На стенке, возле черных, лоснящихся от жирной смазки торпед, похожих на только что выловленных дельфинов, моряки. Они ворочают их, поднимают талями с каким-то фатальным небрежением, да еще острят при этом. Когда их спрашивают, что они делают, отвечают: «Готовим сухой паек фрицам!»
На торпедные катера и на самолеты-истребители журналистов не берут. Очень жаль! Среди военных моряков катерники, как и подводники, настоящие охотники. У них и ветра вволю, и скорость птиц, и опасности хоть отбавляй. А какая выдержка!
Корабль первого ранга стреляет по приборам и с большой дистанции (линкор «Севастополь» во время обороны города в 1941 году стрелял из Южной бухты по скоплениям немецких войск у Бахчисарая), а торпедный катер выпускает торпеду почти в упор и притом на полном ходу Недаром торпедники говорят: «Чем быстрее ход – тем шире пасть!» Скорость и маневр одновременно и лучшая защита для катеров: выпустил торпеду – и вон из зоны атаки.
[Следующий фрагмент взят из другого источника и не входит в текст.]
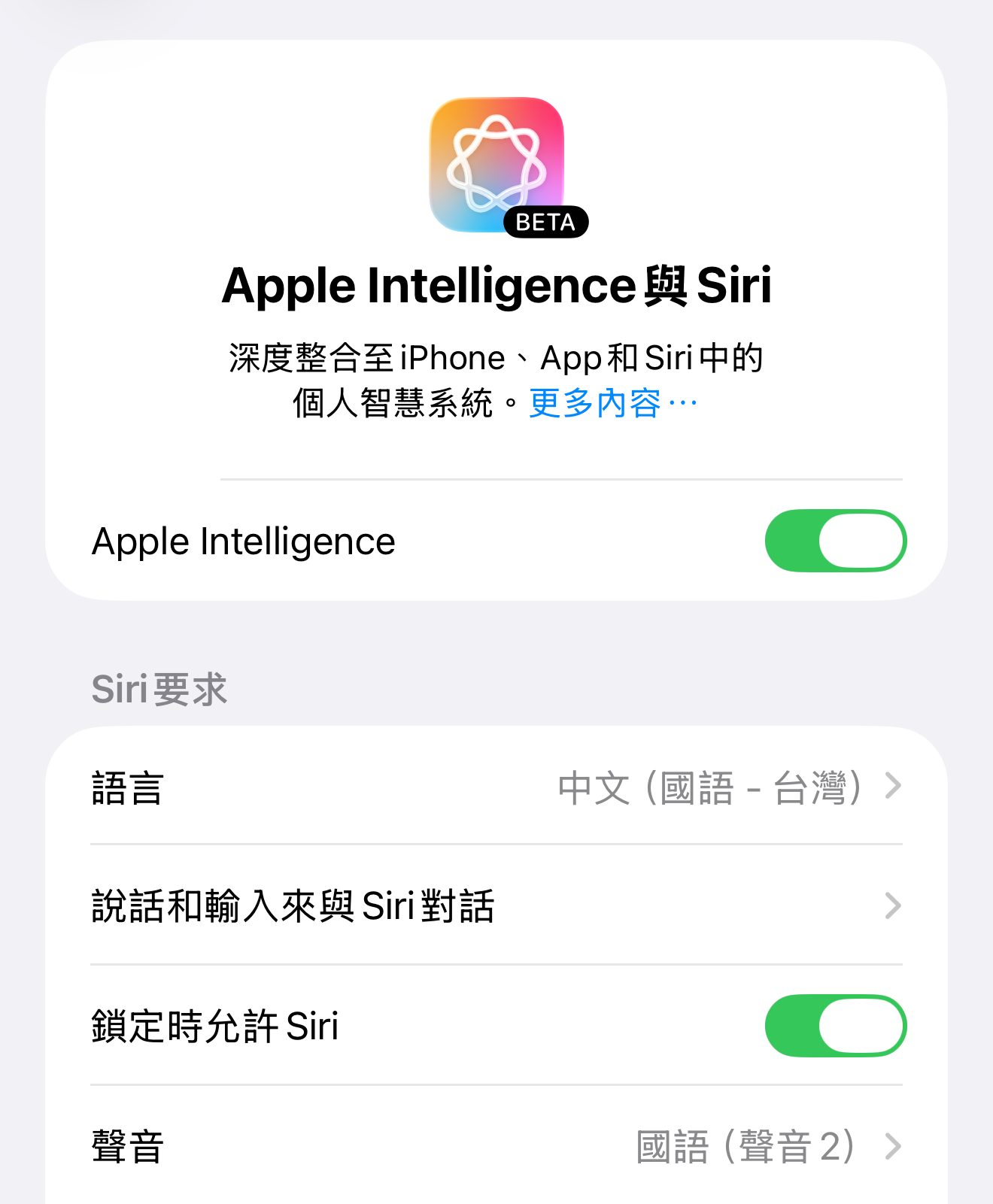 啟用 Apple Intelligence:前往「設定」>「Apple Intelligence & Siri」,開啟「Apple Intelligence」開關,並選擇「繁體中文」作為預設語言。

Да поскорей! Замешкаешься – успеют корабли неприятельского конвоя, пустят на дно тебя.
У меня есть друзья среди моряков с торпедных катеров. В сентябре 1943 года при штурме Новороссийска я был свидетелем их отчаянной атаки Новороссийского мола – они проламывали в нем ворота для сторожевиков. Тем надо было прорваться под обстрелом в Цемесскую бухту и высадить штурмовые группы прямо в город, занятый гитлеровцами.
Отчаянные ребята! Ломая мол, они думали о Севастополе. Теперь они сражаются за него: топят корабли с бегущими немцами. Свое дело они делают красиво и лихо, как настоящие морские охотники – терпеливо выслеживая цель и смело и решительно поражая ее!
…Победой командира торпедного катера старшего лейтенанта Кананадзе больше всех, кажется, доволен командир отряда капитан-лейтенант Кудерский. Крупный, немного медлительный, молчаливый, Афанасий Кудерский на этот раз не стоит на месте: еще бы – офицер его отряда отличился первым! Он обнимает Кананадзе, да так, будто хочет поднять в воздух. Затем жмет руку краснофлотцу Мамросову – он выпустил торпеду на немецкий транспорт. Об этой торпеде говорят, словно об одушевленной: «Она пошла…», «Да кэк дасть!»